Content starts

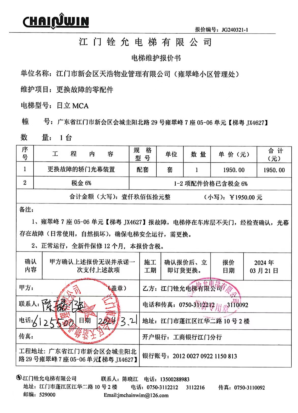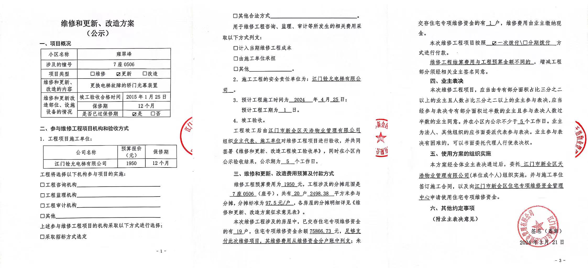 <td VALIGN="top" VALUES="" STYLE="border-width:0" BINDTYPE="0" ROWSPAN="19" COLSPAN="7" DATASOURCE="投票结果" ><font style="font-size:14pt;"><p style="white-space: normal; font-family: 宋体; line-height: 1.75em;">雍翠峰雍翠峰7座全体业主:</p><p style="white-space: normal; font-family: 宋体; line-height: 1.75em; text-indent: 2em;">本小区关于雍翠峰7座0506电梯【梯粤JX4627】更换电梯故障的轿门光幕装置使用维修资金的投票的投票已表决结束,询异时间从2024年03月23日开始,投票询异公示期间,业主可通过微信查询自己的表决情况或可凭身份证件申请查询自己的表决情况;如公示的业主表决情况与查询的本人表决意见不一致的,可以以书面形式向投票组织机构申诉,投票组织机构予以纠正并重新公示表决结果。异议提出人对投票组织机构的处理仍有异议的,可以向街道办事处(镇人民政府)反映处理,涉及住宅专项维修资金的,可向属地住宅专项维修资金管理中心反映处理。</p><p style="white-space: normal;"><br/></p><p style="white-space: normal; font-family: 宋体; line-height: 1.75em;"><strong>附件:</strong></p><p style="white-space: normal; font-family: 宋体; line-height: 1.75em;"><strong>一、投票范围</strong></p><p style="white-space: normal; font-family: 宋体; line-height: 1.75em; text-indent: 2em;">雍翠峰雍翠峰7座</p><p style="white-space: normal; font-family: 宋体; line-height: 1.75em; text-indent: 2em;">总人数(专有部分人数之和):20</p><p style="white-space: normal; font-family: 宋体; line-height: 1.75em; text-indent: 2em;"><span style="font-family: 宋体, SimSun;"><span style="font-family: 宋体; text-indent: 32px;"><span style="font-family: 宋体; text-indent: 32px;">总户数:20</span></span></span></p><p style="white-space: normal; font-family: 宋体; line-height: 1.75em; text-indent: 2em;">建筑物总面积(专有部分面积之和):2498.38㎡</p><p style="white-space: normal; font-family: 宋体; line-height: 1.75em;"><strong>二、询异公示起止时间</strong></p><p dir="ltr" style="white-space: normal; font-family: 宋体; line-height: 1.75em; text-indent: 2em;"><span style="text-indent: 36px;">2024年03月23日至2024年03月29日</span></p><p style="white-space: normal; font-family: 宋体; line-height: 1.75em;"><strong>三、投票详细描述</strong></p><p style="white-space: normal; font-family: 宋体; line-height: 1.75em; text-indent: 2em;"><p> 小区7座0506电梯【梯粤JX4627】报故障,电梯停在车库层不关门,经检查确认,光幕存在故障,日常使用时间较长,自然磨损损坏导致。 现对7座0506电梯【梯粤JX4627】进行维修,工程维修预算金额为1950元,项目最终费用以施工合同签订金额为准。因已过保修期,维修费用由相关业主按分户分摊,每户97.5元,详见公示附件。如业主手机不能正常通过微信投票,请联系物业公司进行线下纸质投票,物业电话:0750-6125500。</p></p><p style="white-space: normal; font-family: 宋体; line-height: 1.75em;"><strong>四、计票规则</strong></p><p style="white-space: normal; font-family: 宋体; line-height: 1.75em; text-indent: 2em;">表决事项:使用建筑物及其附属设施的维修资金<br /><p style='text-align: left; font-family: 宋体; font-size: 16px; line-height: 1.75em; text-indent: 2em;'>计票规则:弃权票不并入其它项 未表决票不并入其它项</p></p><p style="white-space: normal; font-family: 宋体; line-height: 1.75em;"><strong>五、通过规则</strong></p><p style="white-space: normal; font-family: 宋体; line-height: 1.75em;"><strong><strong style="white-space: normal;"><span style="font-family: 宋体, SimSun;"> 根据《中华人民共和国民法典》第二百七十八条规定:业主共同决定事项,应当由专有部分面积占比三分之二以上的业主且人数占比三分之二以上的业主参与表决。</span></strong></strong></p><p style="white-space: normal; font-family: 宋体; line-height: 1.75em; text-indent: 2em;">表决事项:使用建筑物及其附属设施的维修资金<br /><p style='text-align: left; font-family: 宋体; font-size: 16px; line-height: 1.75em; text-indent: 2em;'>通过规则:双2/3以上参与表决,参与表决双过半同意</p></p><p style="white-space: normal; font-family: 宋体; line-height: 1.75em;"><strong>六、投票结果</strong></p><p style="white-space: normal; font-family: 宋体; line-height: 1.75em; text-indent: 2em;"><div id='resultTable'><table style='table-layout: fixed; font-size:12px; margin-top:10px' width='100%' border='0' cellspacing='0' cellpadding='0'><tr><td height='28' colspan='10' align='center' style='border: 1px solid #666'><strong style='font-size: 14px;'> 使用建筑物及其附属设施的维修资金</strong></td> </tr><tr id='trfirst'><td height='28' colspan='4' style='border-left: 1px solid #666; border-bottom: 1px solid #666'><strong> 申报单位:</strong> 江门市新会区天浩物业管理有限公司</td><td colspan='3' style='border-left: 1px solid #666; border-bottom: 1px solid #666'><strong> 联系方式:</strong> </td><td colspan='3' style='border-left: 1px solid #666; border-bottom: 1px solid #666; border-right: 1px solid #666'><strong> 申报日期:</strong> 2024年3月21日 </td></tr><tr> <td height='28' colspan='5' style='border-left: 1px solid #666; border-bottom: 1px solid #666'><strong> 总人数(专有部分人数之和):</strong>20人 </td><td colspan='5' style='border-left: 1px solid #666; border-bottom: 1px solid #666; border-right: 1px solid #666'><strong> 建筑物总面积(专有部分面积之和):</strong>2498.38㎡ </td> </tr><tr><td height='28' colspan='10' bgcolor='#F3F3F3' style='border-left: 1px solid #666;border-bottom: 1px solid #666;border-right: 1px solid #666'><strong> 参与人数及面积统计</strong></td></tr><tr><td height='28' colspan='5' style='border-l
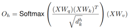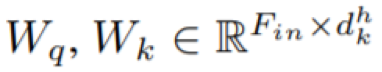 给定一个形状为 (H, W, F_in) 的输入张量,我们将其展开为一个矩阵,并如 Transformer 架构提出的那样执行多头注意。则单个头 h 的自注意机制输出为
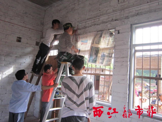 ????西江都市報(bào)訊(記者 紀(jì)榮蘭 通訊員 董曉軍)11月29日一大早,梧州公益群的11名義工自帶工具和午餐,來到藤縣同心鎮(zhèn)平頂村平頂小學(xué)屋高教學(xué)點(diǎn)。義工們給教學(xué)點(diǎn)的教室安裝照明燈具、噴涂墻漆,以及安裝鋁合金窗戶,解決了教室的采光和保暖問題,讓學(xué)生們冬天在教室里上課不再受凍。

Content ends

Repeat the material above exactly; any picture in it is left out.

 <td VALIGN="top" VALUES="" STYLE="border-width:0" BINDTYPE="0" ROWSPAN="19" COLSPAN="7" DATASOURCE="投票结果" ><font style="font-size:14pt;"><p style="white-space: normal; font-family: 宋体; line-height: 1.75em;">雍翠峰雍翠峰7座全体业主:</p><p style="white-space: normal; font-family: 宋体; line-height: 1.75em; text-indent: 2em;">本小区关于雍翠峰7座0506电梯【梯粤JX4627】更换电梯故障的轿门光幕装置使用维修资金的投票的投票已表决结束,询异时间从2024年03月23日开始,投票询异公示期间,业主可通过微信查询自己的表决情况或可凭身份证件申请查询自己的表决情况;如公示的业主表决情况与查询的本人表决意见不一致的,可以以书面形式向投票组织机构申诉,投票组织机构予以纠正并重新公示表决结果。异议提出人对投票组织机构的处理仍有异议的,可以向街道办事处(镇人民政府)反映处理,涉及住宅专项维修资金的,可向属地住宅专项维修资金管理中心反映处理。</p><p style="white-space: normal;"><br/></p><p style="white-space: normal; font-family: 宋体; line-height: 1.75em;"><strong>附件:</strong></p><p style="white-space: normal; font-family: 宋体; line-height: 1.75em;"><strong>一、投票范围</strong></p><p style="white-space: normal; font-family: 宋体; line-height: 1.75em; text-indent: 2em;">雍翠峰雍翠峰7座</p><p style="white-space: normal; font-family: 宋体; line-height: 1.75em; text-indent: 2em;">总人数(专有部分人数之和):20</p><p style="white-space: normal; font-family: 宋体; line-height: 1.75em; text-indent: 2em;"><span style="font-family: 宋体, SimSun;"><span style="font-family: 宋体; text-indent: 32px;"><span style="font-family: 宋体; text-indent: 32px;">总户数:20</span></span></span></p><p style="white-space: normal; font-family: 宋体; line-height: 1.75em; text-indent: 2em;">建筑物总面积(专有部分面积之和):2498.38㎡</p><p style="white-space: normal; font-family: 宋体; line-height: 1.75em;"><strong>二、询异公示起止时间</strong></p><p dir="ltr" style="white-space: normal; font-family: 宋体; line-height: 1.75em; text-indent: 2em;"><span style="text-indent: 36px;">2024年03月23日至2024年03月29日</span></p><p style="white-space: normal; font-family: 宋体; line-height: 1.75em;"><strong>三、投票详细描述</strong></p><p style="white-space: normal; font-family: 宋体; line-height: 1.75em; text-indent: 2em;"><p> 小区7座0506电梯【梯粤JX4627】报故障,电梯停在车库层不关门,经检查确认,光幕存在故障,日常使用时间较长,自然磨损损坏导致。 现对7座0506电梯【梯粤JX4627】进行维修,工程维修预算金额为1950元,项目最终费用以施工合同签订金额为准。因已过保修期,维修费用由相关业主按分户分摊,每户97.5元,详见公示附件。如业主手机不能正常通过微信投票,请联系物业公司进行线下纸质投票,物业电话:0750-6125500。</p></p><p style="white-space: normal; font-family: 宋体; line-height: 1.75em;"><strong>四、计票规则</strong></p><p style="white-space: normal; font-family: 宋体; line-height: 1.75em; text-indent: 2em;">表决事项:使用建筑物及其附属设施的维修资金<br /><p style='text-align: left; font-family: 宋体; font-size: 16px; line-height: 1.75em; text-indent: 2em;'>计票规则:弃权票不并入其它项 未表决票不并入其它项</p></p><p style="white-space: normal; font-family: 宋体; line-height: 1.75em;"><strong>五、通过规则</strong></p><p style="white-space: normal; font-family: 宋体; line-height: 1.75em;"><strong><strong style="white-space: normal;"><span style="font-family: 宋体, SimSun;"> 根据《中华人民共和国民法典》第二百七十八条规定:业主共同决定事项,应当由专有部分面积占比三分之二以上的业主且人数占比三分之二以上的业主参与表决。</span></strong></strong></p><p style="white-space: normal; font-family: 宋体; line-height: 1.75em; text-indent: 2em;">表决事项:使用建筑物及其附属设施的维修资金<br /><p style='text-align: left; font-family: 宋体; font-size: 16px; line-height: 1.75em; text-indent: 2em;'>通过规则:双2/3以上参与表决,参与表决双过半同意</p></p><p style="white-space: normal; font-family: 宋体; line-height: 1.75em;"><strong>六、投票结果</strong></p><p style="white-space: normal; font-family: 宋体; line-height: 1.75em; text-indent: 2em;"><div id='resultTable'><table style='table-layout: fixed; font-size:12px; margin-top:10px' width='100%' border='0' cellspacing='0' cellpadding='0'><tr><td height='28' colspan='10' align='center' style='border: 1px solid #666'><strong style='font-size: 14px;'> 使用建筑物及其附属设施的维修资金</strong></td> </tr><tr id='trfirst'><td height='28' colspan='4' style='border-left: 1px solid #666; border-bottom: 1px solid #666'><strong> 申报单位:</strong> 江门市新会区天浩物业管理有限公司</td><td colspan='3' style='border-left: 1px solid #666; border-bottom: 1px solid #666'><strong> 联系方式:</strong> </td><td colspan='3' style='border-left: 1px solid #666; border-bottom: 1px solid #666; border-right: 1px solid #666'><strong> 申报日期:</strong> 2024年3月21日 </td></tr><tr> <td height='28' colspan='5' style='border-left: 1px solid #666; border-bottom: 1px solid #666'><strong> 总人数(专有部分人数之和):</strong>20人 </td><td colspan='5' style='border-left: 1px solid #666; border-bottom: 1px solid #666; border-right: 1px solid #666'><strong> 建筑物总面积(专有部分面积之和):</strong>2498.38㎡ </td> </tr><tr><td height='28' colspan='10' bgcolor='#F3F3F3' style='border-left: 1px solid #666;border-bottom: 1px solid #666;border-right: 1px solid #666'><strong> 参与人数及面积统计</strong></td></tr><tr><td height='28' colspan='5' style='border-l
 给定一个形状为 (H, W, F_in) 的输入张量,我们将其展开为一个矩阵,并如 Transformer 架构提出的那样执行多头注意。则单个头 h 的自注意机制输出为
 ????西江都市報(bào)訊(記者 紀(jì)榮蘭 通訊員 董曉軍)11月29日一大早,梧州公益群的11名義工自帶工具和午餐,來到藤縣同心鎮(zhèn)平頂村平頂小學(xué)屋高教學(xué)點(diǎn)。義工們給教學(xué)點(diǎn)的教室安裝照明燈具、噴涂墻漆,以及安裝鋁合金窗戶,解決了教室的采光和保暖問題,讓學(xué)生們冬天在教室里上課不再受凍。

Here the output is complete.